**Required work**
Line by line, set down all the data below exactly, omitting any picture.

**Data below**
-- Opening Marker --

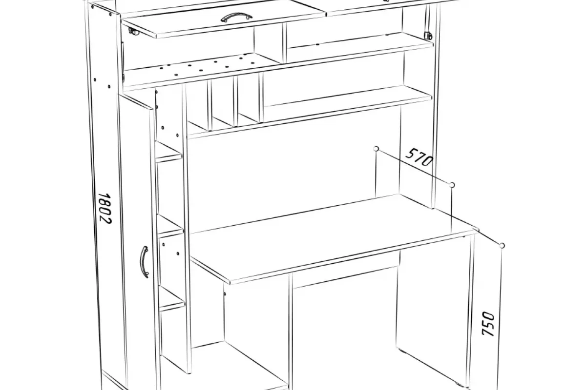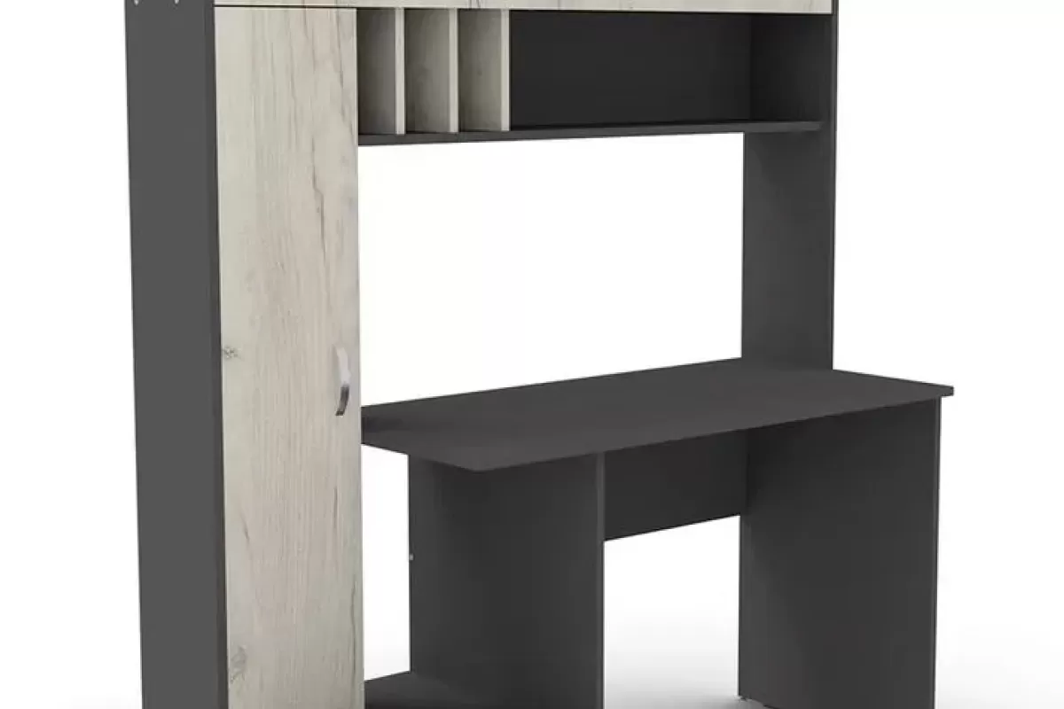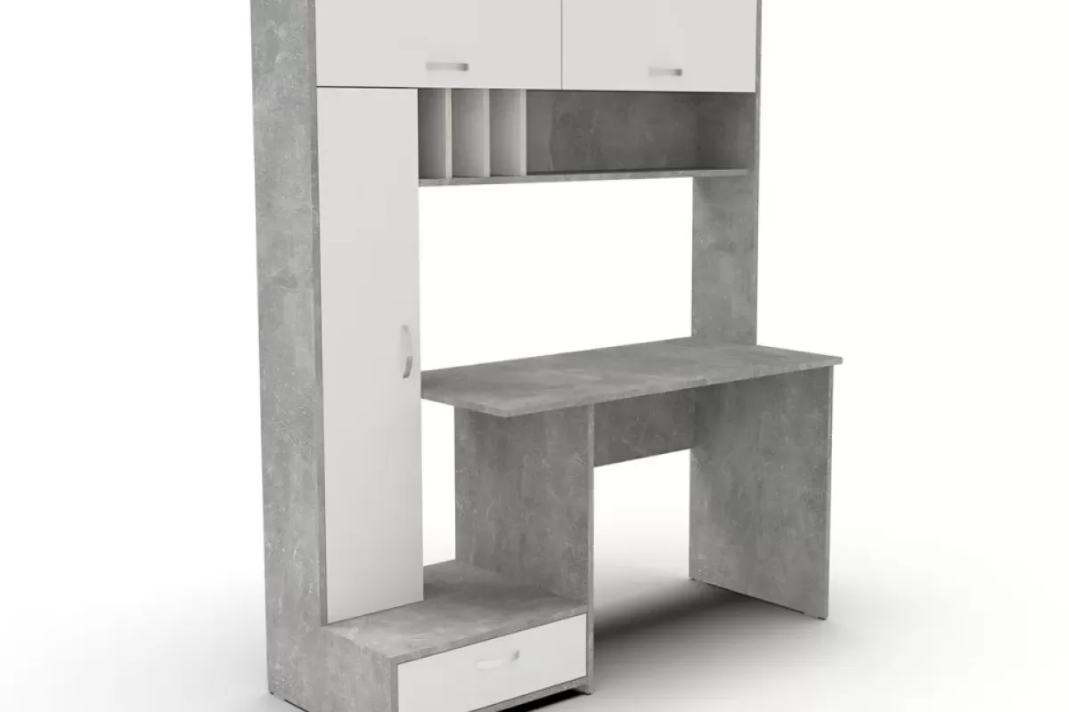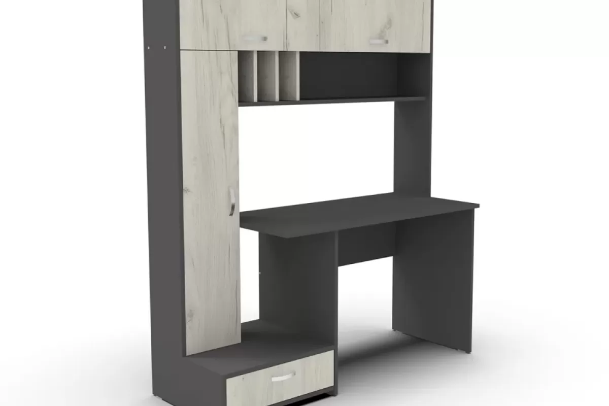 Masa de scris ML-1 stânga este soluția ideală pentru un spațiu de lucru modern și organizat. Designul său inteligent include o structură de tip ansamblu, cu un dulap înalt pe partea stângă, multiple compartimente deschise și sertare pentru depozitare eficientă. Realizată din PAL melaminat de înaltă calitate, aceasta combină estetica contemporană (nuanțe precum Antracit/Kraft alb sau Atelier/Alb) cu funcționalitatea necesară unui elev sau profesionist. Dimensiunile generoase de aproximativ 1500 x 570 x 1800 mm oferă o suprafață de lucru confortabilă și numeroase zone pentru cărți și accesorii.
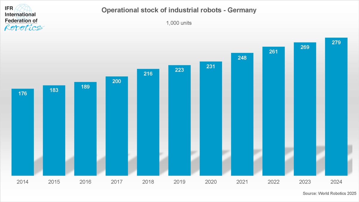 Die deutsche Industrie ist europäischer Spitzenreiter bei der Roboter-Automation: Der operative Bestand stieg auf 278.900 Einheiten im Jahr 2024 - ein Plus von 4 % im Vergleich zum Vorjahr. Damit werden 40 % aller Fabrik-Roboter innerhalb der Europäischen Union (EU-27) in Deutschland betrieben. Dies geht aus dem World Robotics 2025 Report der International Federation of Robotics hervor.
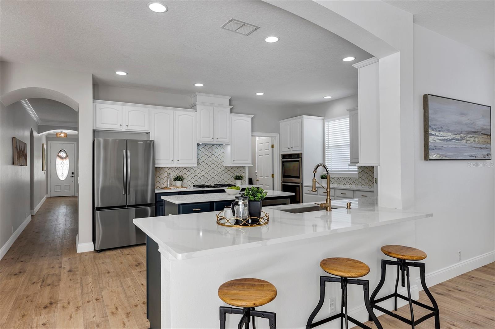 Preço reduzido! Bem-vindo a esta bela casa de 2 andares, 5 quartos e 3,5 banheiros com suíte de sogros no condomínio fechado de Keene's Pointe, com um campo de golfe exclusivo de design de Jack Nicklaus!! Camden é uma casa de conceito aberto situada em um espaçoso terreno de esquina, em frente a um dos muitos parques/áreas de lazer de Keene's Pointe. A suíte do proprietário está localizada no primeiro andar com um novo e luxuoso banheiro privativo com um elegante chuveiro sem moldura, uma luxuosa banheira de imersão independente e um novo armário personalizado. No andar de cima você encontrará um loft espaçoso, 3 quartos adicionais com armários personalizados e um banheiro completo com pias duplas. As características marcantes desta casa elegantemente remodelada incluem uma cozinha gourmet atualizada com fogão a gás, eletrodomésticos de aço inoxidável, novas bancadas de quartzo, novo backsplash, novo piso com rodapés altos, tetos de bandeja, sancas, lareira a lenha e muito mais! Acima da garagem você encontrará um apartamento de 1 quarto/1 banheiro suíte/garagem com lavanderia própria, recanto, sala de estar e cozinha atualizada com bancadas de quartzo e eletrodomésticos de aço inoxidável. Este espaço pode ser utilizado como renda de aluguel, alojamento separado para hóspedes ou espaço para jovens adultos. Aproveite as noites no novo pátio externo com uma nova cozinha externa e um grande quintal cercado para ser apreciado o ano todo! Além de tudo isso, você tem a opção de ingressar no Golden Bear Club: um campo de golfe projetado por Jack Nicklaus e um clube de campo privado com quadras de tênis, academia de ginástica, restaurante do clube e piscina! Localizado na procurada Windermere, Keene's Pointe fica perto da Disney, Universal, lojas, restaurantes, hospitais e das melhores escolas públicas e privadas de Windermere! Agende hoje mesmo uma consulta para ver sua futura casa! O vendedor considerará algumas concessões com um contrato aceito. Menor LP/SqFt em Keene’s Pointe! *O telhado é 2023 e todos os 3 HVAC 2016.
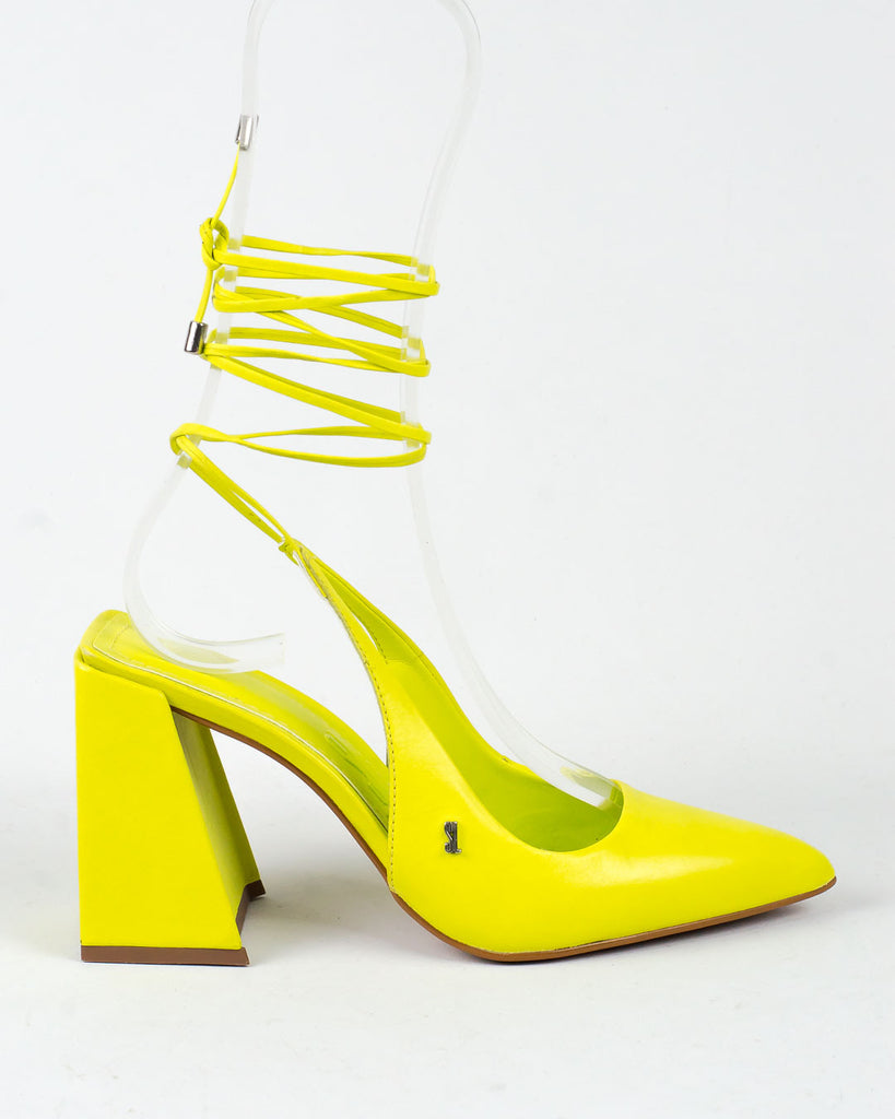 Scarpin Santa Lolla produzido em couro e em cor lima. Possui fechamento em amarração dando possibilidades de uso e estilos. Seu salto grosso garante conforto e segurança. Peça coringa para trazer vida e estilo a qualquer look.

-- Closing Marker --

**Finished task**
 Masa de scris ML-1 stânga este soluția ideală pentru un spațiu de lucru modern și organizat. Designul său inteligent include o structură de tip ansamblu, cu un dulap înalt pe partea stângă, multiple compartimente deschise și sertare pentru depozitare eficientă. Realizată din PAL melaminat de înaltă calitate, aceasta combină estetica contemporană (nuanțe precum Antracit/Kraft alb sau Atelier/Alb) cu funcționalitatea necesară unui elev sau profesionist. Dimensiunile generoase de aproximativ 1500 x 570 x 1800 mm oferă o suprafață de lucru confortabilă și numeroase zone pentru cărți și accesorii.
 Die deutsche Industrie ist europäischer Spitzenreiter bei der Roboter-Automation: Der operative Bestand stieg auf 278.900 Einheiten im Jahr 2024 - ein Plus von 4 % im Vergleich zum Vorjahr. Damit werden 40 % aller Fabrik-Roboter innerhalb der Europäischen Union (EU-27) in Deutschland betrieben. Dies geht aus dem World Robotics 2025 Report der International Federation of Robotics hervor.
 Preço reduzido! Bem-vindo a esta bela casa de 2 andares, 5 quartos e 3,5 banheiros com suíte de sogros no condomínio fechado de Keene's Pointe, com um campo de golfe exclusivo de design de Jack Nicklaus!! Camden é uma casa de conceito aberto situada em um espaçoso terreno de esquina, em frente a um dos muitos parques/áreas de lazer de Keene's Pointe. A suíte do proprietário está localizada no primeiro andar com um novo e luxuoso banheiro privativo com um elegante chuveiro sem moldura, uma luxuosa banheira de imersão independente e um novo armário personalizado. No andar de cima você encontrará um loft espaçoso, 3 quartos adicionais com armários personalizados e um banheiro completo com pias duplas. As características marcantes desta casa elegantemente remodelada incluem uma cozinha gourmet atualizada com fogão a gás, eletrodomésticos de aço inoxidável, novas bancadas de quartzo, novo backsplash, novo piso com rodapés altos, tetos de bandeja, sancas, lareira a lenha e muito mais! Acima da garagem você encontrará um apartamento de 1 quarto/1 banheiro suíte/garagem com lavanderia própria, recanto, sala de estar e cozinha atualizada com bancadas de quartzo e eletrodomésticos de aço inoxidável. Este espaço pode ser utilizado como renda de aluguel, alojamento separado para hóspedes ou espaço para jovens adultos. Aproveite as noites no novo pátio externo com uma nova cozinha externa e um grande quintal cercado para ser apreciado o ano todo! Além de tudo isso, você tem a opção de ingressar no Golden Bear Club: um campo de golfe projetado por Jack Nicklaus e um clube de campo privado com quadras de tênis, academia de ginástica, restaurante do clube e piscina! Localizado na procurada Windermere, Keene's Pointe fica perto da Disney, Universal, lojas, restaurantes, hospitais e das melhores escolas públicas e privadas de Windermere! Agende hoje mesmo uma consulta para ver sua futura casa! O vendedor considerará algumas concessões com um contrato aceito. Menor LP/SqFt em Keene’s Pointe! *O telhado é 2023 e todos os 3 HVAC 2016.
 Scarpin Santa Lolla produzido em couro e em cor lima. Possui fechamento em amarração dando possibilidades de uso e estilos. Seu salto grosso garante conforto e segurança. Peça coringa para trazer vida e estilo a qualquer look.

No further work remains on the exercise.